Task brief: As you work through the listing below, copy each line exactly and drop the images.

═══ Source material

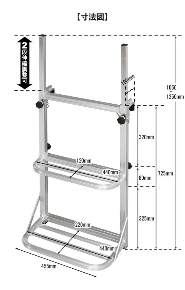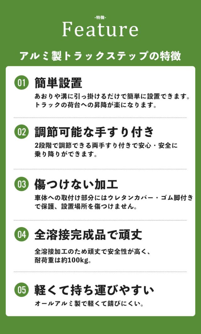 | 昇降設備設置義務化により、必要となったトラックの荷台に安全に上がるための昇降ステップ。 トラックのアオリや溝に引っ掛けるだけの簡単設置。 車体への取付け部分はウレタンカバー、ゴム脚付きで保護、設置場所を傷つけません。 (取付可能な厚さ:5.5cm) オールアルミ製でさびにくい、軽いので持ち運びもラクラク。 全溶接加工のため、丈夫で安全性も◎ 4点支持確保で乗り降りが安全。 |
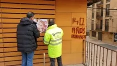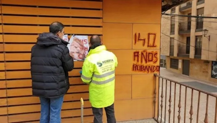 Se podían leer frases como '140 años robando' y otras que responsables del Partido Socialista han tapado con carteles hasta que un profesional ha procedido a su limpieza
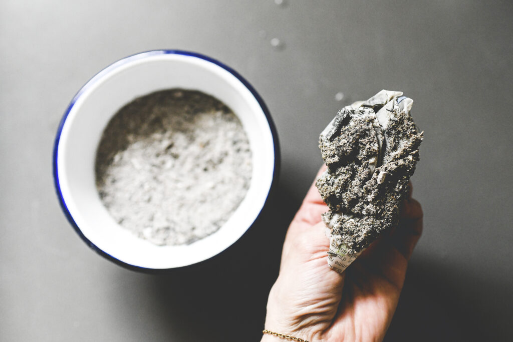 A gauche : petit pot de cendre / à droite une boule de papier journal

══════

Task response:
 | 昇降設備設置義務化により、必要となったトラックの荷台に安全に上がるための昇降ステップ。 トラックのアオリや溝に引っ掛けるだけの簡単設置。 車体への取付け部分はウレタンカバー、ゴム脚付きで保護、設置場所を傷つけません。 (取付可能な厚さ:5.5cm) オールアルミ製でさびにくい、軽いので持ち運びもラクラク。 全溶接加工のため、丈夫で安全性も◎ 4点支持確保で乗り降りが安全。 |
 Se podían leer frases como '140 años robando' y otras que responsables del Partido Socialista han tapado con carteles hasta que un profesional ha procedido a su limpieza
 A gauche : petit pot de cendre / à droite une boule de papier journal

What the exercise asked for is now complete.